### Task objective:
In your copy of the data, include no pictures and alter nothing else.

### Data below:
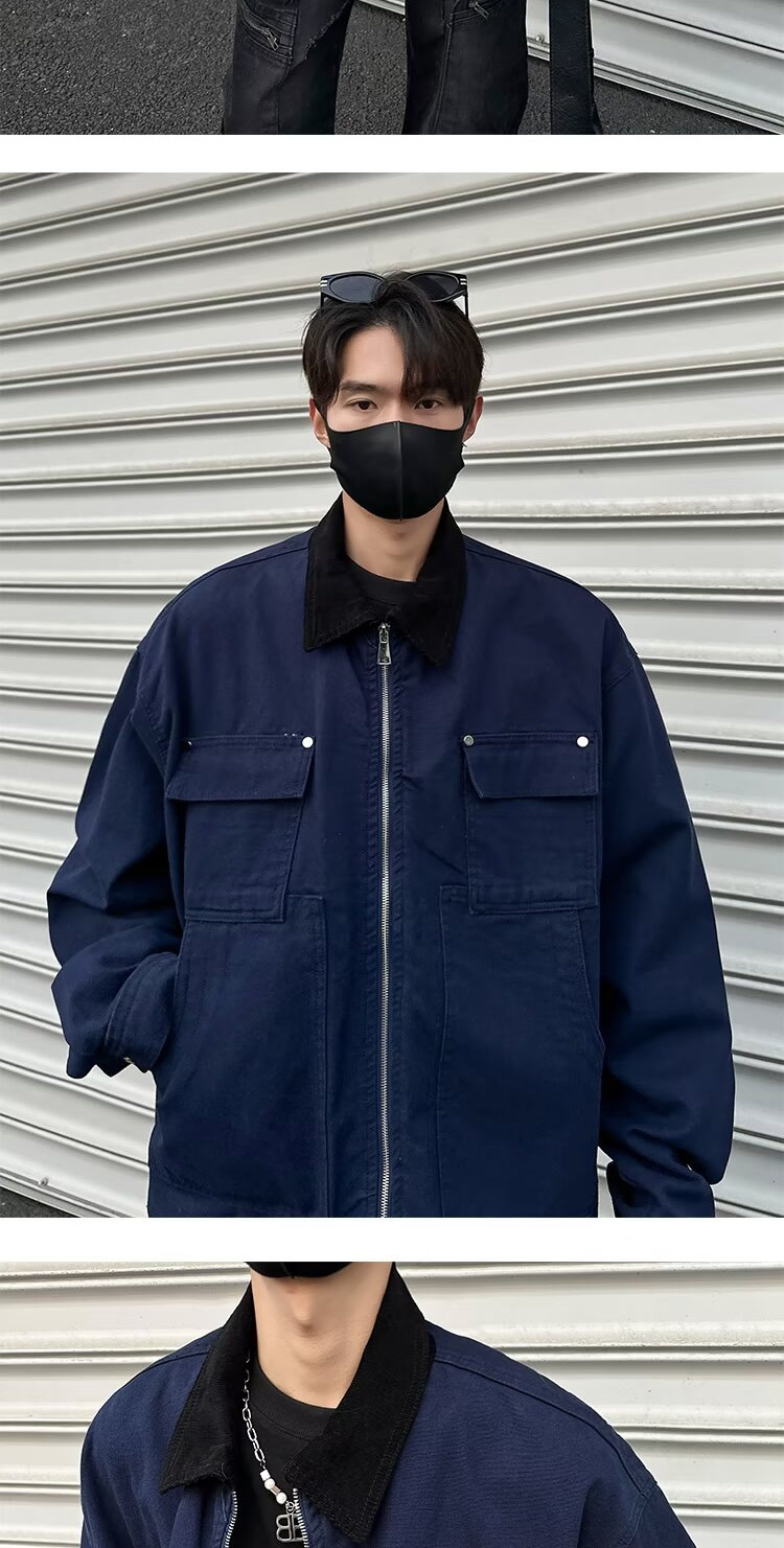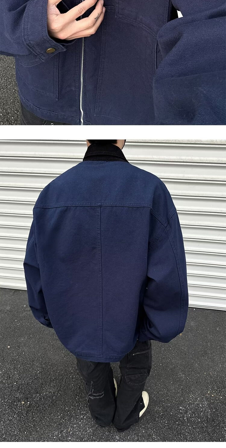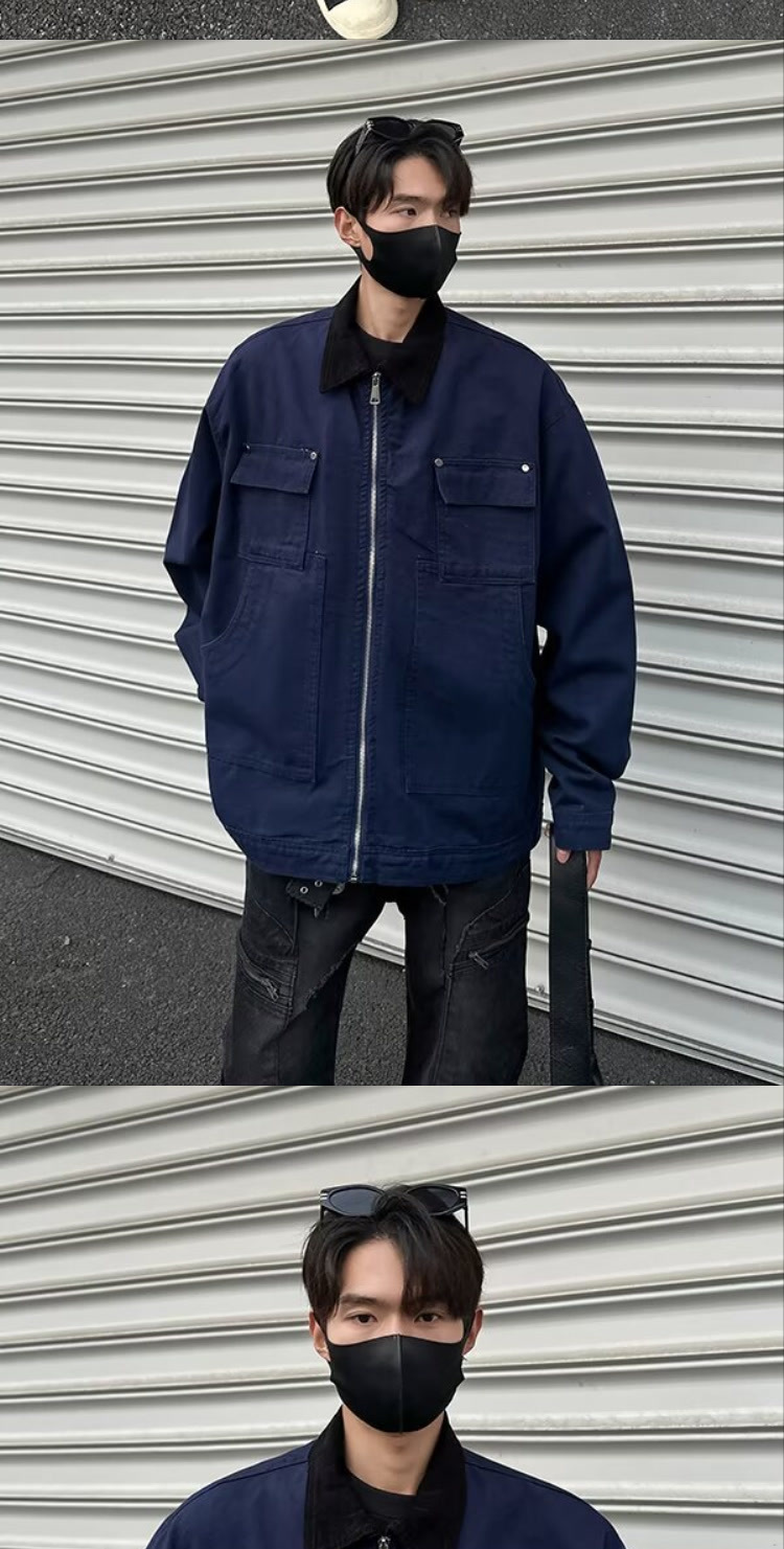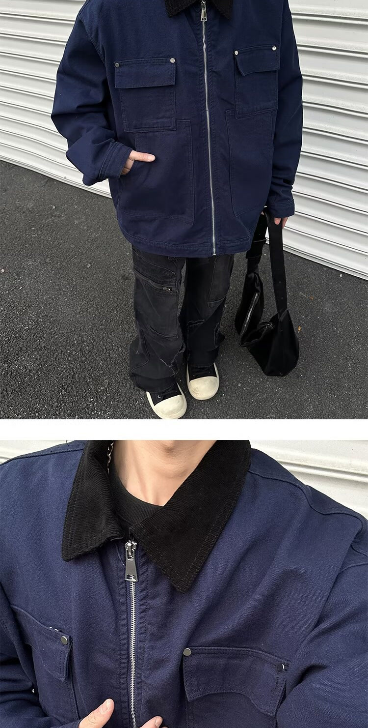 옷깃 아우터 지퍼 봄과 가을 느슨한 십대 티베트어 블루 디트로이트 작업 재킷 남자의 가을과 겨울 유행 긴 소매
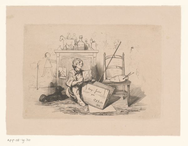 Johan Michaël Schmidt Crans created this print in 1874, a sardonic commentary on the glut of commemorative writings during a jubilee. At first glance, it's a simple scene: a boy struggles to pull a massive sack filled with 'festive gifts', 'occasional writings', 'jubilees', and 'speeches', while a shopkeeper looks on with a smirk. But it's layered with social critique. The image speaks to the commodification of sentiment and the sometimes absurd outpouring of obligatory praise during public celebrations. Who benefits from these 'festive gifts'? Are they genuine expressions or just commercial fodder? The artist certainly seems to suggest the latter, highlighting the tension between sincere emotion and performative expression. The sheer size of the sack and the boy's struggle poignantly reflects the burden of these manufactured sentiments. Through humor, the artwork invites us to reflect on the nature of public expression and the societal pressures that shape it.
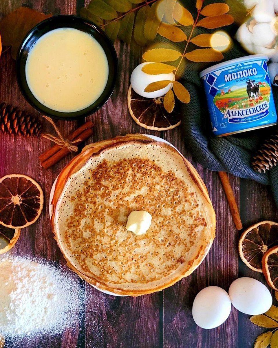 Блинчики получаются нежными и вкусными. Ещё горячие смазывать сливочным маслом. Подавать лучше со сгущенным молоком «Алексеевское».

### Answer box:
 옷깃 아우터 지퍼 봄과 가을 느슨한 십대 티베트어 블루 디트로이트 작업 재킷 남자의 가을과 겨울 유행 긴 소매
 Johan Michaël Schmidt Crans created this print in 1874, a sardonic commentary on the glut of commemorative writings during a jubilee. At first glance, it's a simple scene: a boy struggles to pull a massive sack filled with 'festive gifts', 'occasional writings', 'jubilees', and 'speeches', while a shopkeeper looks on with a smirk. But it's layered with social critique. The image speaks to the commodification of sentiment and the sometimes absurd outpouring of obligatory praise during public celebrations. Who benefits from these 'festive gifts'? Are they genuine expressions or just commercial fodder? The artist certainly seems to suggest the latter, highlighting the tension between sincere emotion and performative expression. The sheer size of the sack and the boy's struggle poignantly reflects the burden of these manufactured sentiments. Through humor, the artwork invites us to reflect on the nature of public expression and the societal pressures that shape it.
 Блинчики получаются нежными и вкусными. Ещё горячие смазывать сливочным маслом. Подавать лучше со сгущенным молоком «Алексеевское».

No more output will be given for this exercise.